NASA’s two stuck astronauts yesterday headed back to Earth with SpaceX to close out a dramatic marathon mission that began with a bungled Boeing test flight more than nine months ago.
Butch Wilmore and Suni Williams bade farewell to the International Space Station — their home since last spring — departing aboard a SpaceX capsule alongside two other astronauts. The capsule undocked in the wee hours and aimed for a splashdown off the Florida coast — weather permitting — by early evening yesterday.
The two expected to be gone just a week or so after launching on Boeing’s new Starliner crew capsule on June 5. So many problems cropped up on the way to the space station that NASA eventually sent Starliner back empty and transferred the test pilots to SpaceX, pushing their homecoming into last month. Then SpaceX capsule issues added another month’s delay.
Photo: AFP / NASA
Sunday’s arrival of their relief crew meant Wilmore and Williams could finally leave. NASA cut them loose a little early, given the iffy weather forecast later this week. They checked out with NASA’s Nick Hague and Russia’s Alexander Gorbunov, who arrived in their own SpaceX capsule last fall with two empty seats reserved for the Starliner duo.
“We’ll miss you, but have a great journey home,” NASA’s Anne McClain called out from the space station as the capsule pulled away 148km above the Pacific.
Their plight captured the world’s attention, giving new meaning to the phrase “stuck at work.” While other astronauts had logged longer spaceflights over the decades, none had to deal with so much uncertainty or see the length of their mission expand by so much.
Wilmore and Williams quickly transitioned from guests to full-fledged station crew members, conducting experiments, fixing equipment and even spacewalking together.
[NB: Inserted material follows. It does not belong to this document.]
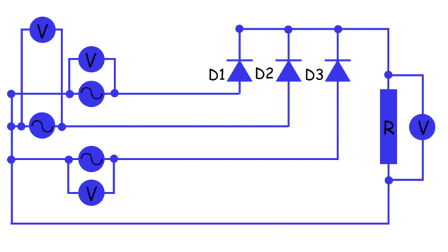 为纯电阻负载供电的三相半波整流器的典型配置如下图所示。在这里,变压器的每一相位被认为是一个单独的交流电源。电压的模拟和测量如下电路所示。这里我们连接了一个人电压表跨越每个来源以及负载。

With 62 hours over nine spacewalks, Williams set a new record: the most time spent spacewalking over a career among female astronauts.
Both had lived on the orbiting lab before and knew the ropes, and brushed up on their station training before rocketing away. Williams became the station’s commander three months into their stay and held the post until earlier this month.
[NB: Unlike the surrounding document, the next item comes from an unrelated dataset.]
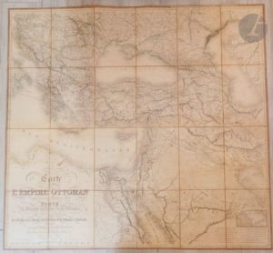 NOËL (A. D.) - VIVIEN DE SAINT-MARTIN (Louis) - PICQUET (Charles). Carte de l'Empire Ottoman Comprenant les Possessions de la Porte en Europe, en Asie, et en Afrique ; avec les Parties Limitrophes de l'Arabie, de la Perse, de la Russie et de l'Empire d'Autriche. Dressée par Noël et Vivien, Géographes ; Revue et Corrigée par Chles Picquet, géographe du roi et de Mgr le duc d'Orléans. Paris : Longuet, successeur de Simonneau, 1845. — Carte 1055 x 1139, entoilée et pliée, sous chemise et étui de l'éditeur. Très belle et grande carte en couleur de l'Empire ottoman. Exemplaire divisé en 24 sections montées sur toile, très bien conservé malgré quelques usures à l'étui.

Their mission took an unexpected twist in late January when US President Donald Trump asked SpaceX founder Elon Musk to accelerate the astronauts’ return and blamed the delay on former US president Joe Biden’s administration. The replacement crew’s brand new SpaceX capsule still was not ready to fly, so SpaceX subbed it with a used one, hurrying things along by at least a few weeks.
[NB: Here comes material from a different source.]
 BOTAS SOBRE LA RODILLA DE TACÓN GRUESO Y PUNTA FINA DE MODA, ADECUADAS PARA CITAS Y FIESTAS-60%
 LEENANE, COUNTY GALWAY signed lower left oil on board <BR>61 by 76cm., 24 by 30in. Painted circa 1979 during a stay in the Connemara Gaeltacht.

Even in the middle of the political storm, Wilmore and Williams continued to maintain an even keel at public appearances from orbit, casting no blame and insisting they supported NASA’s decisions from the start.
NASA hired SpaceX and Boeing after the shuttle program ended, in order to have two competing U.S. companies for transporting astronauts to and from the space station until it is abandoned in 2030 and steered to a fiery re-entry. By then, it will have been up there more than three decades; the plan is to replace it with privately run stations so NASA can focus on moon and Mars expeditions.
Both retired navy captains, Wilmore and Williams stressed they did not mind spending more time in space — a prolonged deployment reminiscent of their military days. However, they acknowledged it was tough on their families.
Wilmore, 62, missed most of his younger daughter’s senior year of high school; his older daughter is in college. Williams, 59, had to settle for Internet calls from space to her mother. They will have to wait until they are off the SpaceX recovery ship and flown to Houston before the long-awaited reunion with their loved ones.